Trying to fit as many records with same hoodie partition as we can from same input spark partition into output spark partition.
@vinothchandar, @prazanna ,@n3nash , @jianxu

vinothchandar · 2017-08-18T16:43:58Z

Can you make the partitioner pluggable? Also could you share the performance analysis you did, since thats core aspect of this PR

vinothchandar · 2017-08-18T16:44:26Z

and please merge both the commits together..

vinothchandar · 2017-08-18T23:10:34Z

hoodie-client/src/main/java/com/uber/hoodie/table/BulkInsertPartitioner.java

+ */
+public class BulkInsertPartitioner<T extends HoodieRecordPayload> extends Partitioner {
+    private static Logger logger = LogManager.getLogger(BulkInsertPartitioner.class);
+    private static final int BUCKET_MULTIPLIER = 4;


javadoc/comments

whats special about 4, that makes it work for all workloads ?

vinothchandar · 2017-08-18T23:11:21Z

hoodie-client/src/main/java/com/uber/hoodie/table/BulkInsertPartitioner.java

+    private HoodiePartitionMapper hoodiePartitionMapper;
+    private int numOfPartitions = -1;
+
+    private BulkInsertPartitioner(int outputSparkPartitions) {


parity between constructor arg and member variable naming, pls

Removed the constructor once I add partitioner as an argument. I will have to init it via "repartitionRecords" method. Can you please look at it once again?

vinothchandar · 2017-08-18T23:12:12Z

hoodie-client/src/main/java/com/uber/hoodie/table/BulkInsertPartitioner.java

+ */
+public class BulkInsertPartitioner<T extends HoodieRecordPayload> extends Partitioner {
+    private static Logger logger = LogManager.getLogger(BulkInsertPartitioner.class);
+    private static final int BUCKET_MULTIPLIER = 4;


whats special about 4, that makes it work for all workloads ?

vinothchandar · 2017-08-18T23:14:41Z

hoodie-client/src/main/java/com/uber/hoodie/table/BulkInsertPartitioner.java

+        // As we are going over input records twice; we need to cache input records.
+        JavaRDD<HoodieRecord<T>> cachedRecords = records.persist(StorageLevel.MEMORY_AND_DISK_SER());
+        BulkInsertPartitioner<T> bulkInsertPartitioner = new BulkInsertPartitioner<>(outputSparkPartitions);
+        bulkInsertPartitioner.init(records);


lets pass in the records into the constructor? is there a specific reason for the init method?

Once we are passing Partitioner as an argument then we would not have control over object creation for all cases. In that case this would be needed.

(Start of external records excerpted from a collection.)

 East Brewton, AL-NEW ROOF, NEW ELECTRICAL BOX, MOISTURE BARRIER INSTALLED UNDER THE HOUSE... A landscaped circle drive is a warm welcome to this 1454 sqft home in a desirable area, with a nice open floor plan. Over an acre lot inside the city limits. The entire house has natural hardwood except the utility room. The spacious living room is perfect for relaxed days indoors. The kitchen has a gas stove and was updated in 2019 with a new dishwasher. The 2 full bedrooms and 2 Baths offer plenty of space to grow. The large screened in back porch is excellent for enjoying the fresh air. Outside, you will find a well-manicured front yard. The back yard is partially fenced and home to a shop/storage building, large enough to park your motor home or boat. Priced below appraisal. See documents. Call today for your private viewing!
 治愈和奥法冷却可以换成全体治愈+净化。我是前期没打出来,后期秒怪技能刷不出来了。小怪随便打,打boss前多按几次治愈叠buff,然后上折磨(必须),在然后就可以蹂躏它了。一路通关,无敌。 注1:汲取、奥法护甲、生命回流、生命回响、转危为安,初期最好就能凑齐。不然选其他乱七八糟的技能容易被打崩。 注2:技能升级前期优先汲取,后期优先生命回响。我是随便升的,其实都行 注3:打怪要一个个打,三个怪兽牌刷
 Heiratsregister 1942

Please see the updated PR.

vinothchandar · 2017-08-18T23:16:41Z

hoodie-client/src/main/java/com/uber/hoodie/table/BulkInsertPartitioner.java

+
+        return cachedRecords.mapPartitionsWithIndex(
+            (partitionNumber, recordIterator) ->
+                new Iterator<Tuple2<Tuple2<HoodieRecord, Integer>, Integer>>() {


Please rework this using the LazyIterableIterator

vinothchandar · 2017-08-18T23:18:42Z

hoodie-client/src/main/java/com/uber/hoodie/table/BulkInsertPartitioner.java

+    /**
+     * Helper class for counting.
+     */
+    private class Counter implements Serializable {


please replace this with a standard AtomicLong

or similar..

vinothchandar · 2017-08-18T23:21:24Z

hoodie-client/src/main/java/com/uber/hoodie/table/BulkInsertPartitioner.java

@@ -0,0 +1,16 @@
+package com.uber.hoodie.table;


license.. Please ensure things build locally, before pushing into PR..

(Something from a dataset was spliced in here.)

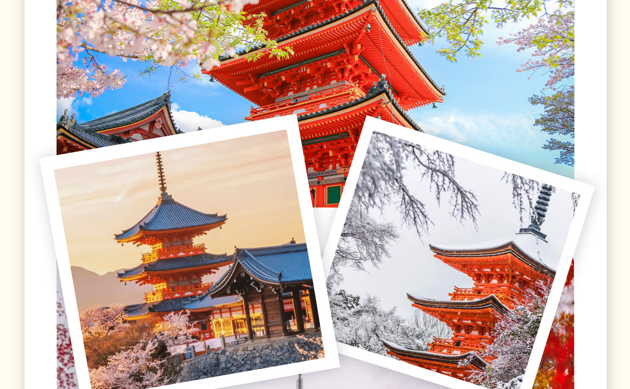 * 두 번째 코스: 🛕청수사 구역. 가을의 청수사는 온 산에 붉게 물든 단풍🍁이 아름답습니다. 추천 여행 코스: 청수사-니넨자카, 산넨자카-이시베이코지-기온, 하나미코지-야사카 신사
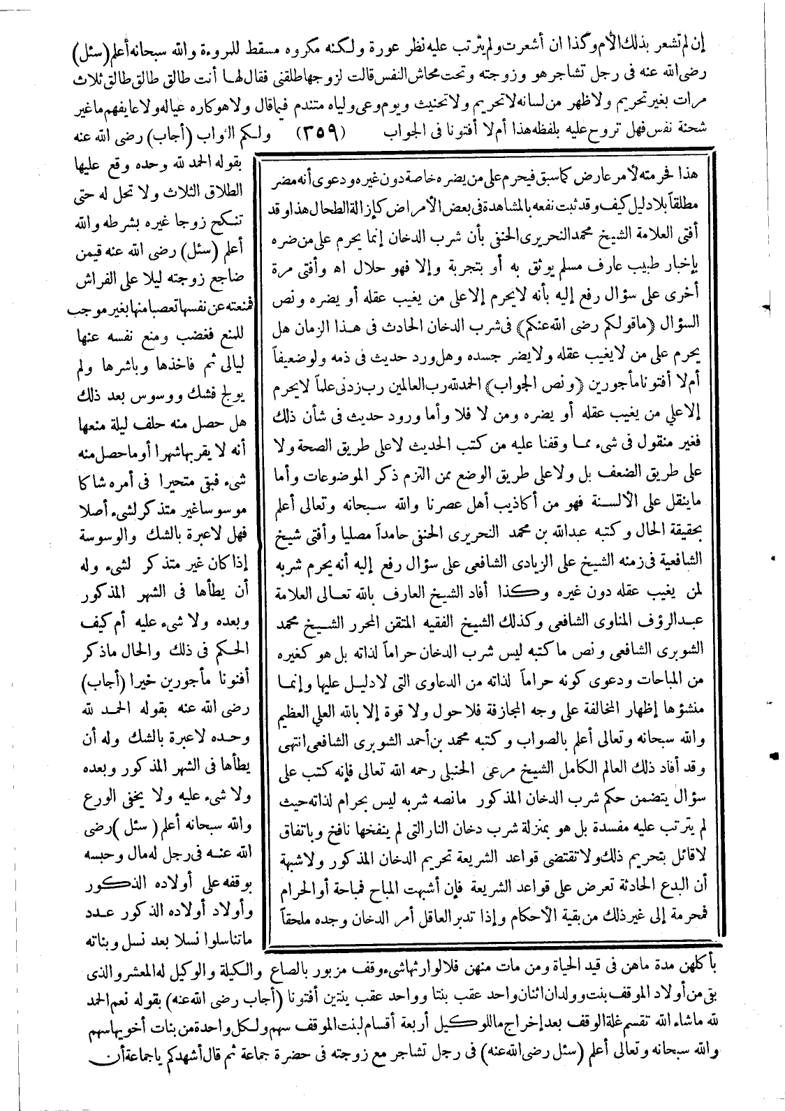 الحمد لله رب العالمين، رب زدني علما، لا يحرم إلا على من يغيب عقله أو يضره، ومن لا فلا، وأما ورود حديث في شأن ذلك، فغير منقول في شيء مما وقفنا عليه من كتب الحديث لا على طريق الصحة، ولا على طريق الضعف، بل ولا على طريق الوضع ممن التزم ذكر الموضوعات، وأما ما ينقل على الألسنة فهو من أكاذيب أهل عصرنا، والله سبحانه وتعالى أعلم بحقيقة الحال، وكتبه عبد الله بن محمد النحريري الحنفي حامدا مصليا، وأفتى شيخ الشافعية في زمنه الشيخ علي الزيادي الشافعي على سؤال رفع إليه أنه يحرم شربه لمن يغيب عقله دون غيره، وكذا أفاد الشيخ العارف بالله تعالى العلامة عبد الرءوف المناوي الشافعي، وكذلك الشيخ الفقيه المتقن المحرر الشيخ محمد الشوبري الشافعي، ونص ما كتبه ليس شرب الدخان حراما لذاته، بل هو كغيره من المباحات ودعوى كونه حراما لذاته من الدعاوى التي لا دليل عليها، وإنما منشؤها إظهار المخالفة على وجه المجازفة، فلا حول ولا قوة إلا بالله العلي العظيم، والله سبحانه وتعالى أعلم بالصواب، وكتبه محمد بن أحمد الشوبري الشافعي. انتهى.

sorry my bad. I was running it locally with skip.rat=true

vinothchandar

Reviewing still

vinothchandar · 2017-08-18T23:28:13Z

hoodie-client/src/main/java/com/uber/hoodie/table/DefaultBulkInsertPartitioner.java

+    public JavaRDD<HoodieRecord<T>> repartitionRecords(JavaRDD<HoodieRecord<T>> records, int outputSparkPartitions) {
+        init(records, outputSparkPartitions);
+        // As we are going over input records twice; we need to cache input records.
+        JavaRDD<HoodieRecord<T>> cachedRecords = records.persist(StorageLevel.MEMORY_AND_DISK_SER());


bulkInsert() api targets full loads with multi TB input. Are you proposing to cache even under these cases? The spilling here (likely to happen) will cause significant extra IO. Have you tested across such workloads?

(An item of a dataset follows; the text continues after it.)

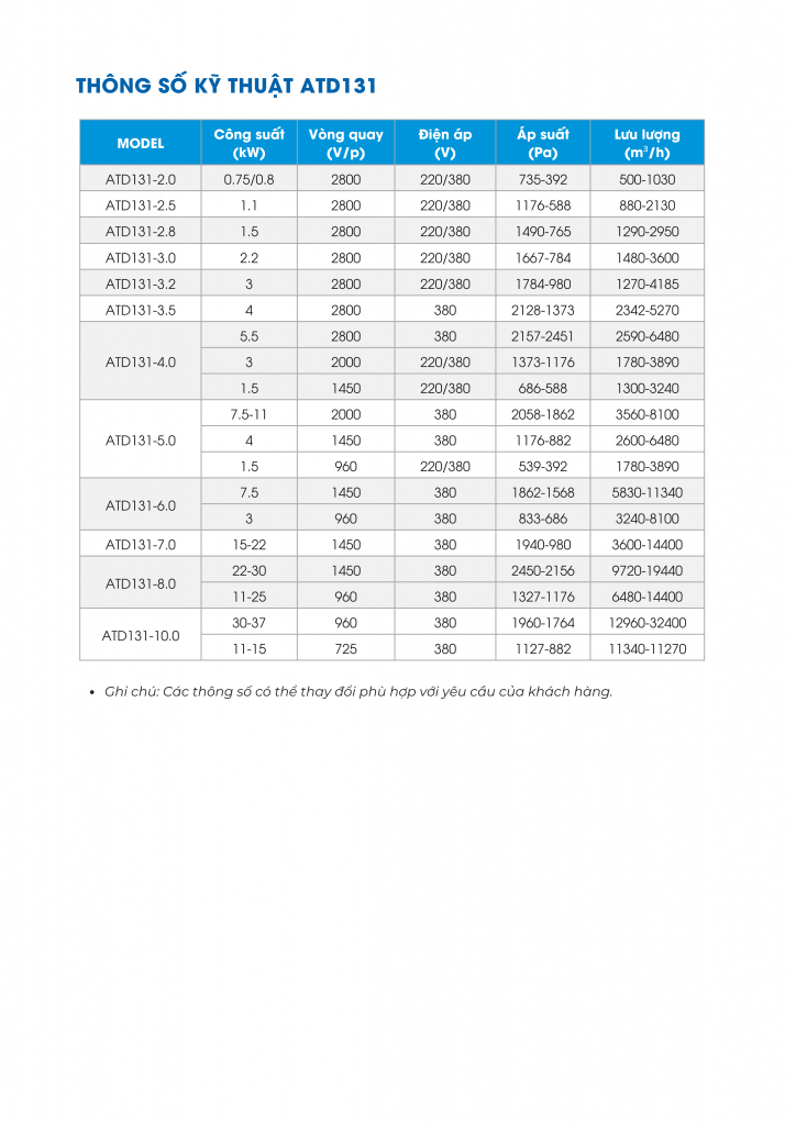 Quạt ly tâm hút bụi ATD131 được dùng để hút không khí chứa bụi, phế liệu gỗ và các chất khác. Sản phẩm cũng được sử dụng trong các hệ thống thông gió. Cánh quạt được thiết kế với các nan cong không bám bụi.
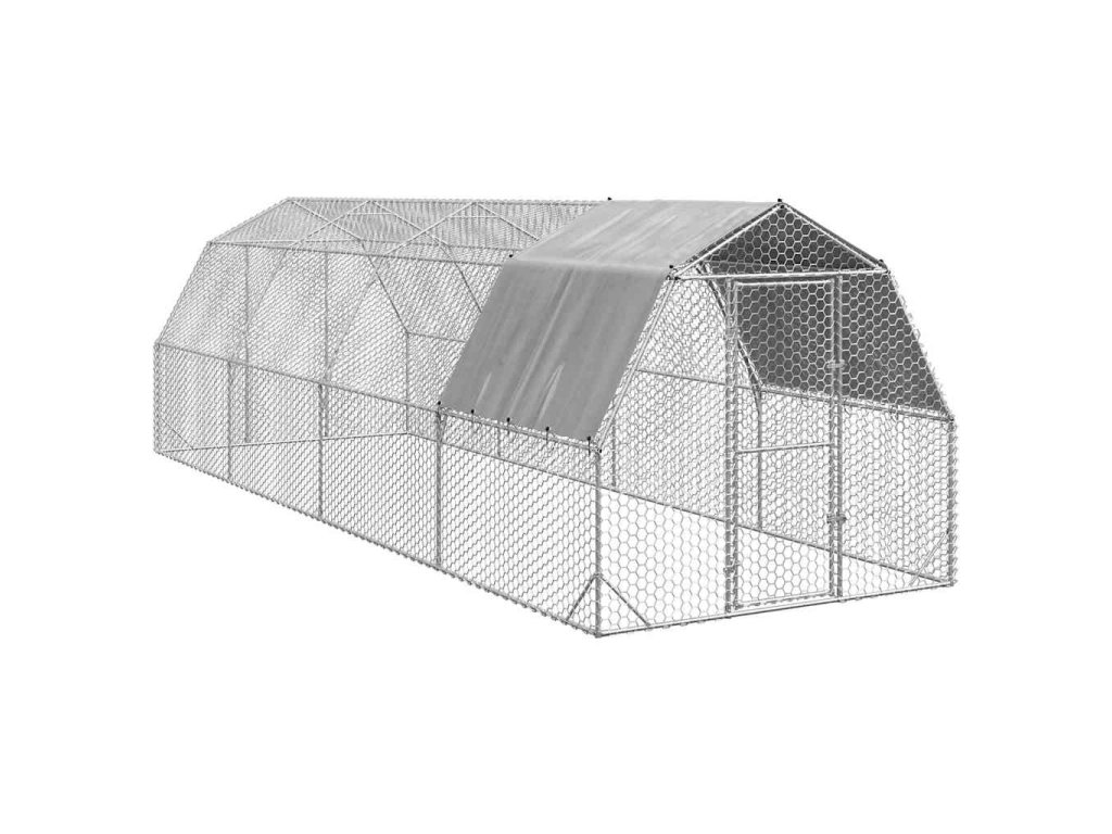 - Pevná konštrukcia: Tento kurník je vyrobený z pozinkovaného oceľového rámu a zaisťuje dlhotrvajúcu trvanlivosť a odolnosť proti hrdzi a poskytuje bezpečné prostredie pre vaše kurčatá.

No. Not tested it for multi TB. Max I have tested it for is 800GB of input size.

Spark does reservoir sampling to handle large inputs such as these

The reason why we are doing caching (DISK+MEMORY) is because we are reading it twice. So it is good if we cache it even for large datasets.

For SortBy - I do see that initial boundary computation may not need spark to read complete data but to later sort them it will have to read the entire data (per partition/executor) right? am I missing anything here?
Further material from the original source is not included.